O cérebro dos ratos foi infectado com um vírus durante da técnica dos cientistas

Cientistas de universidades da China e dos Estados Unidos conseguiram reverter sintomas de Parkinson em ratos ao modificar os astrócitos -um tipo de célula abundante no cérebro- para fazê-los se comportar como neurônios. A conversão permitiu restaurar a produção de dopamina nos animais.

Os astrócitos existem no cérebro em quantidade muito maior do que os neurônios. Eles exercem funções vitais para o funcionamento dos neurônios, como a transferência de nutrientes e a proteção contra substâncias danosas.

Os pesquisadores usaram uma técnica de edição genética para inibir uma proteína chamada PTB nos astrócitos. A ausência dessa proteína permite que o astrócito se converta em uma célula produtora de dopamina, como os neurônios.

Na técnica usada pelos cientistas, o cérebro dos ratos foi infectado com um vírus que funcionou como uma tesoura para extrair a proteína.

Os ratos geneticamente modificados usados no experimento não tinham a doença, mas passaram por reações químicas que criaram neles uma condição parecida com a de humanos com Parkinson: a morte de neurônios em uma região do cérebro chamada de substância negra. A falta dos neurônios na área levou à queda na produção da dopamina, um neurotransmissor que desencadeia impulsos nervosos pelo corpo. Assim, sintomas característicos da doença, como problemas motores, apareceram também nos animais.

De acordo com os resultados publicados em artigo nesta quarta-feira (24) na revista Nature, um dos periódicos científicos mais prestigiosos do mundo, as células convertidas passaram a ter função semelhante à dos neurônios perdidos pelo mal de Parkinson, e o comportamento motor dos animais foi restaurado.

O Parkinson não tem cura, mas há uma série de medicamentos e terapias que conseguem controlar os sintomas por alguns anos.
Erich Fonoff, neurocirurgião e professor da Faculdade de Medicina da USP (Universidade de São Paulo), explica que as doenças neurodegenerativas surgem com o envelhecimento e a morte precoce de células do cérebro. "O artigo mostra um avanço, mas temos um longo caminho até a técnica virar um tratamento", diz.

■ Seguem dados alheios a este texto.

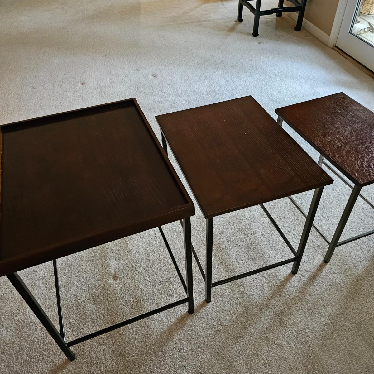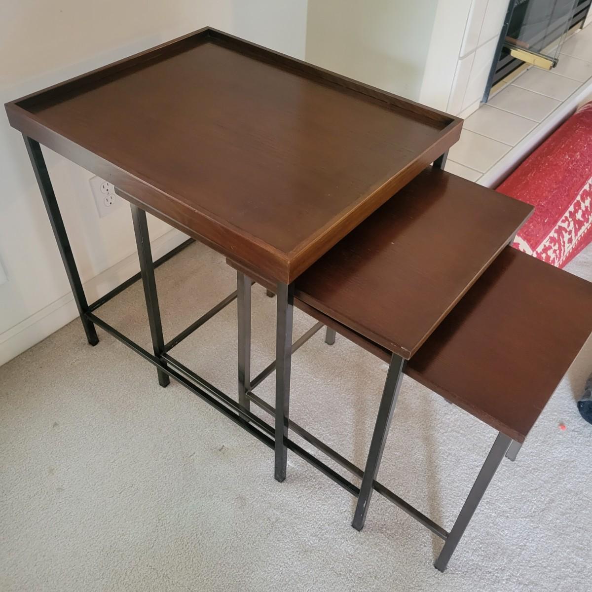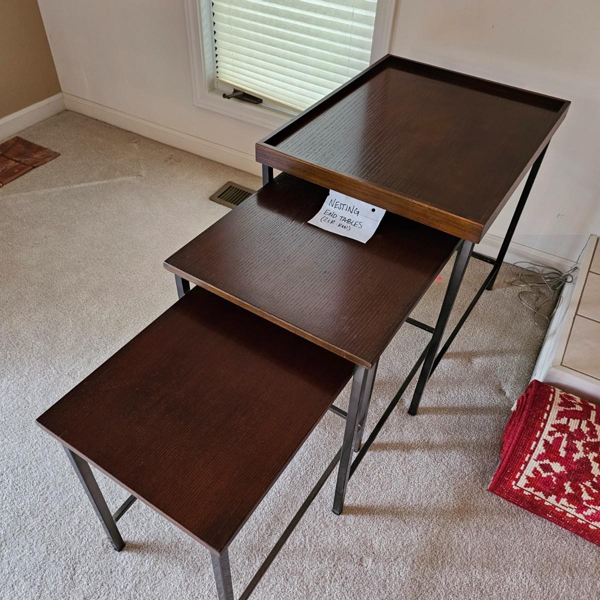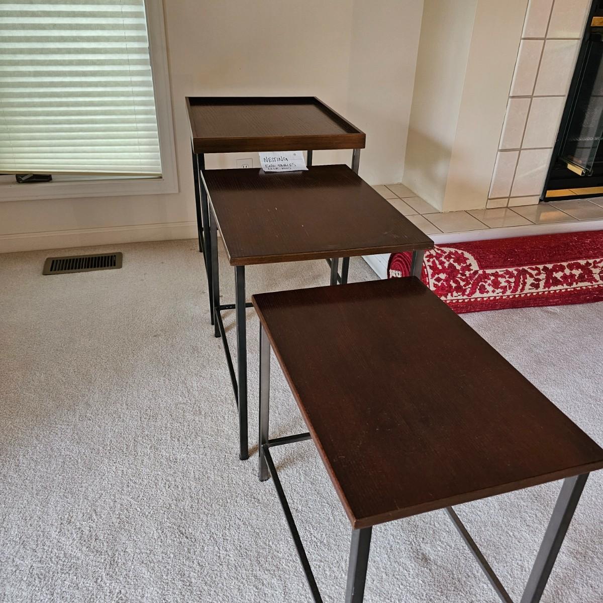 Set of three Hammary nesting end tables. Tables have wood tops with metal legs. Tables have some light blemishes, see photos for more details. Largest table measures, 25” x 20” x 25”H. Local pick-up only.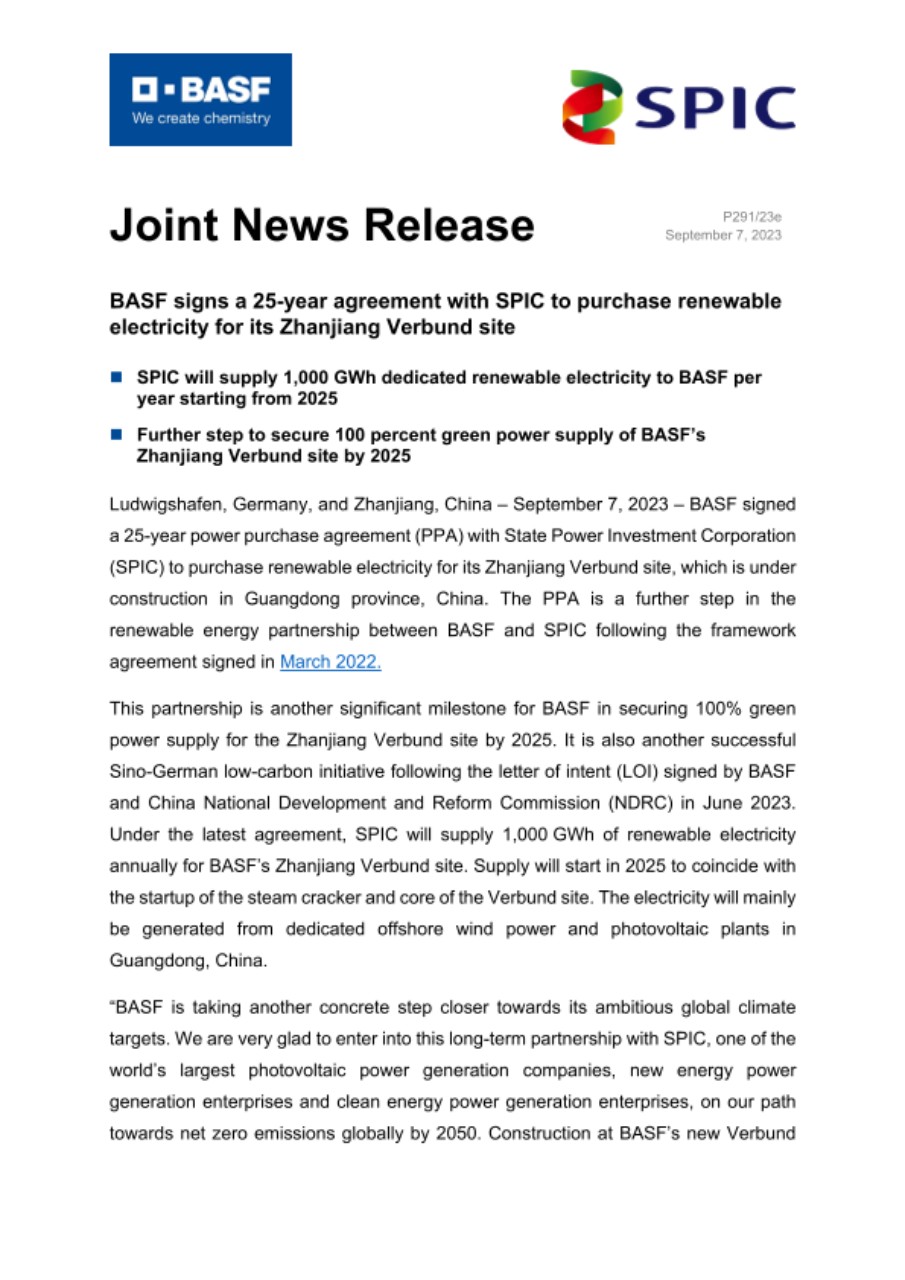 - SPIC will supply 1,000 GWh dedicated renewable electricity to BASF per year starting from 2025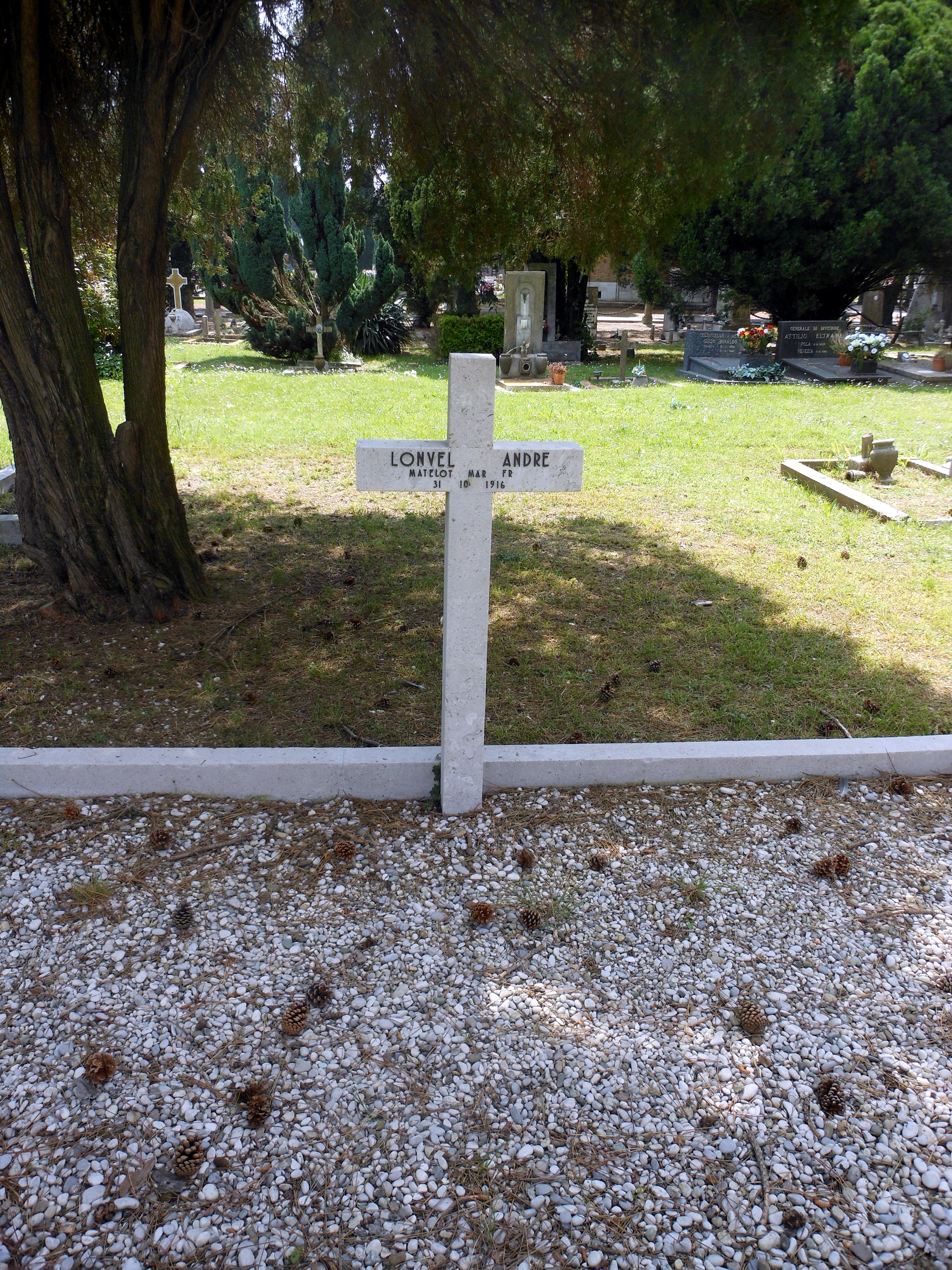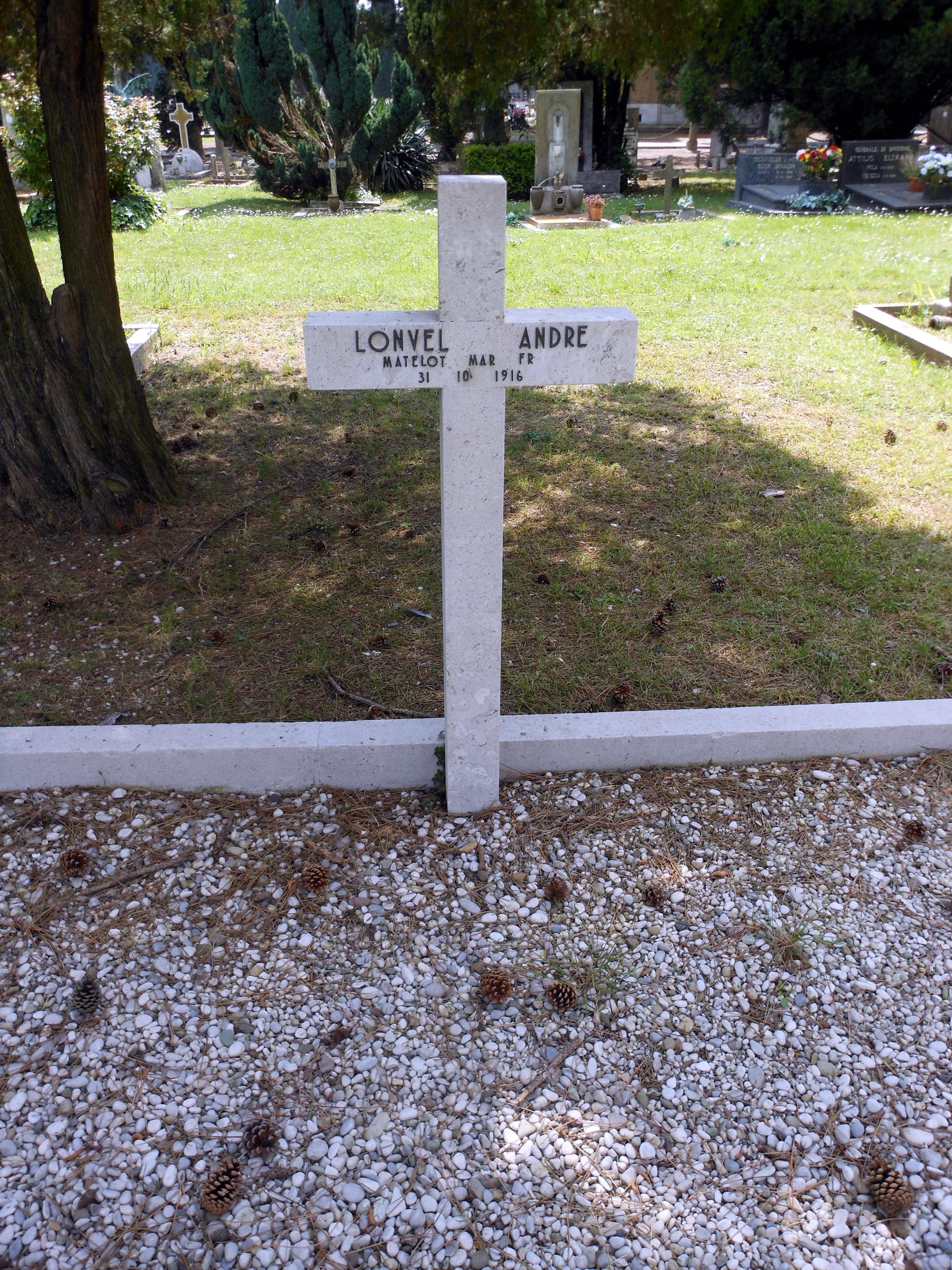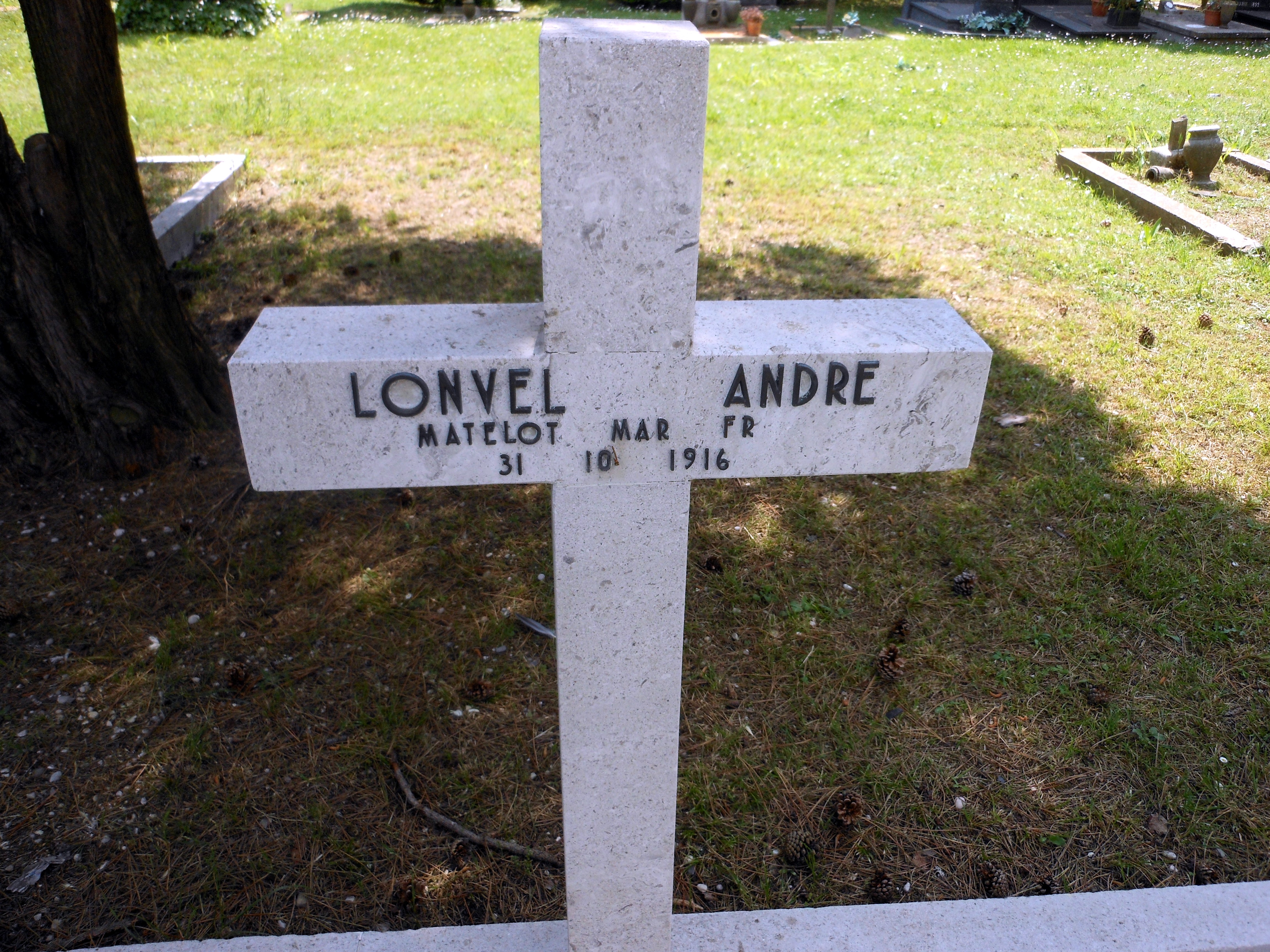 - ISCRIZIONI centrale - LONVEL ANDRE / MATELOT MAR FR / 31 10 1916 - maiuscolo/ numeri arabi - a caratteri applicati in bronzo -

"No modelo, os animais têm a perda de células do cérebro, como acontece na doença, mas o motivo não é o mesmo; os ratos não têm Parkinson. Os modelos usados são muito bons, mas ainda são falhos", afirma o médico.

"Será que, nas pessoas com a doença, as células novas produziriam dopamina? Ainda não sabemos se funcionaria em humanos da mesma forma", diz Fonoff.

Para a professora e pesquisadora brasileira Tatiana Rosado Rosenstock, pós-doutora pelo Centro de Neurociências e Biologia Celular (CNC), da Universidade de Coimbra, em Portugal, são necessários estudos para entender as consequências do uso da técnica em um prazo mais longo.

"Ainda não sabemos se a inibição da proteína ou a diminuição no número de astrócitos trazem algum prejuízo para o funcionamento do cérebro no longo prazo", afirma Rosenstock.

Mesmo com a necessidade de novos experimentos com a técnica, a pesquisadora afirma que o artigo abriu margem para o uso do método em humanos no futuro. "A técnica também poderia ser testada em regiões do cérebro afetadas por outras doenças neurodegenerativas", diz.